External pressure to publish is a huge weight for many academics and directly contributes to “publish or perish” culture — the notion that if researchers don’t pump out papers, they will be fired or discredited.
This demand can lead to unethical decisions, such as falsifying data or cherry picking results.
If there’s one thing I’ve learned from my math degree so far, it’s how incredibly easy it is to twist statistics to your own advantage. Researchers can easily throw out data or weigh certain data points more heavily to influence the statistical significance of their methods.
Sometimes tests are just used incorrectly. A lot of statistical tests, like a z-test or ANOVA, have specific assumptions that go along with them. The data has to follow certain distributions and rules for different methods to be appropriate. But, the reality is that empirical data is often messy and imperfect, and a lot of times a sample just isn’t right for a certain test.
People can misuse statistics in a couple ways. Some fields don’t emphasize using higher level statistics or teach how to properly account for certain types of samples.
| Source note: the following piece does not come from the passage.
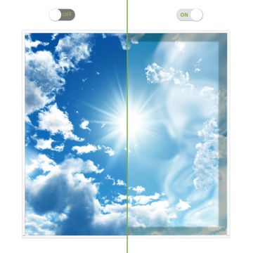 Entdecken Sie unsere vielseitigen Lichtdecken, hier in der Größe 62 x 62cm mit dem Motiv Motiv Clouds - Ihre Beleuchtungslösung für jede Umgebung Beleuchten Sie Ihren Raum nicht nur, sondern schaffen Sie Atmosphäre! Die banjado Lichtdecke verwandelt jeden Ort, ob zu Hause, in Praxen, Büros oder Studios in eine Wohlfühloase. Unsere einzelnen Elemente haben eine genormte Einheitsgröße von 62 x 62cm und können somit in jede gängige Rasterdecken verbaut werden. So finden Sie Ihre passende Ausführung: Gern helfen wir Ihnen, die passende Ausführung zu wählen. Hierfür muss die aktuelle Gegebenheit Ihrer Decke oder Wand beachtet werden. Haben Sie bereits eine Rasterdecke (auch Odenwalddecke genannt)? Hier bestellen Sie lediglich das Motiv + Beleuchtungspanel, denn beides wird in die bereits vorhandene Decke eingelegt. Haben Sie eine glatte Decke mit Lichtauslass oder möchten die Lichtdecke an der Wand befestigen? Hier bestellen Sie bitte Motiv + Beleuchtungspanel + Deckenbefestigung, eine Aufbauanleitung liegt immer bei. Die Lichtdecke kann sowohl an der Decke als auch an der Wand montiert werden, perfekt für kreative Lichtakzente oder alternative Beleuchtungslösungen. Haben Sie bereits eine Lichtdecke und möchten nur das Motiv wechseln? Hier bestellen Sie bitte nur Motiv, der Wechsel ist denkbar einfach. Der Aufbau Ihrer banjado Lichtdecke gestaltet sich unkompliziert, dank einer verständlichen Anleitung, die Ihnen Schritt für Schritt durch den Montageprozess hilft. Für die endgültige Installation und den sicheren Anschluss empfehlen wir die Hinzuziehung eines Fachmanns, um die optimale Funktion und Sicherheit Ihrer Beleuchtung zu gewährleisten. Falls Sie einen Fachmann für die Installation benötigen, geben Sie uns gern Bescheid, wir vermitteln Ihnen gern einen geeigneten Ansprechpartner aus Ihrer Nähe. Steuerung: Steigern Sie Ihr Beleuchtungserlebnis mit der nahtlosen Integration in Ihr Smart Home. Durch die Kompatibilität mit der SmartLife App, Alexa und Google Assistant wird Ihr Smartphone zur zentralen Steuerungseinheit. Ihr Handy fungiert hierbei sozusagen als Fernbedienung. Legen Sie individuelle Lichtszenen in der App fest, die bei Aktivierung über den Wand-Ein-/Ausschalter immer wieder abgerufen werden können ohne Handy. Mit der Szenenfunktion in der Smart App können Sie die Beleuchtung personalisieren und steuern, sodass sie auf Ihre individuellen Bedürfnisse, Tagesrhythmus und Stimmung zugeschnitten ist. Beispielsweise können Sie sich in der Morgendämmerung durch ein sanftes Licht wecken lassen oder das Licht der Praxis werktags um 7 Uhr automatisch einschalten lassen. Dieses kann dann natürlich auch zu einer bestimmten Zeit automatisch ausgeschaltet werden. Motivwahl: Diese einzigartige Lichtdecke zeichnet sich durch ihre Fähigkeit aus, die Lichtfarbe je nach gewähltem Motiv anzupassen - ein Baum wirft ein sanftes grünes Licht, während eine Wolkendecke Ihren Raum in ein beruhigendes blaues Leuchten hüllt. Berücksichtigen Sie dies bitte bei Ihrer Motivauswahl. Sie können das Motiv jederzeit ohne großen Aufwand austauschen, ob nach Jahreszeit oder anderem Anlass, unsere Auswahl lässt kaum Wünsche offen. Wir fertigen Ihnen gern eine personalisierte Lichtdecke mit einem eigenen Motiv oder Logo oder Foto, schreiben Sie uns jederzeit an. Technische Daten: Das Motiv ist auf einer 4mm starken Acrylglas Scheibe aufgebracht, das Gesamtgewicht Ihrer Ausführung beträgt 4,9kg. Die Farbtemperatur lässt sich frei einstellen von 3000 bis 6000 Kelvin, damit können Sie stufenlos zwischen warmweiß, neutralweiß und kaltweiß wählen. Die Gesamtleistung bei Ihrer gewählten Ausführung beträgt 40W. Der Lichtstrom beträgt 3600 Lumen, die Nennspannung 230 V. Die Lichtdecke ist mit Schutzart IP20 für den Innenbereich konzipiert und sollte nicht im Nassbereich verwendet werden.

On the other hand, sometimes handling your data correctly won’t lead to any interesting conclusions — the one thing that academics need to publish.
Publish or perish culture has consequences: it’s hard to build off of knowledge that’s manipulated, incorrect or made up to begin with.
The Guardian reported that in 2023, research journals retracted a record number of academic papers — more than 10,000.
Some scientists are calling the trend a “crisis” as the rise in falsified papers and information leads to corrupted research.
In an ideal world, everything that is published would have gone through thorough reviews and testing. It would be completely dependable. Unfortunately, that’s not the case.
You can easily see the slippery slope effect.
It’s great to publish more papers and contribute more to the field until all of a sudden it’s the only thing that matters: institutions start pressing researchers to churn out as much research as possible, leading to detrimental effects on quality.
As someone who wants to break into the research field, it feels sort of ambiguously hopeless — an institutional problem that incentivises you to cut corners lest you fall behind your peers.
There’s no easy way to fix such a widespread, exponentially worsening problem.
Long term, we need to tighten up how papers and ideas are approved and more rigorously examine the policies and attitudes that incentivize wrongful scientific practices.
Because it’s not just unknowns who are breaching these ethical practices.
It’s the head of Stanford. It’s the Ivy League professors. It’s the credible and well-respected that can get away with it for years.
Plus, to make matters worse, these researchers train and teach up-and-coming scientists to use these poor practices. People who are young, inexperienced and often don’t know any better.
There’s still hope — some of these people are caught. But, a lot of academics never face repercussions.
We have to tighten up our research standards and practices before the steady foundation we build our science upon vanishes for good.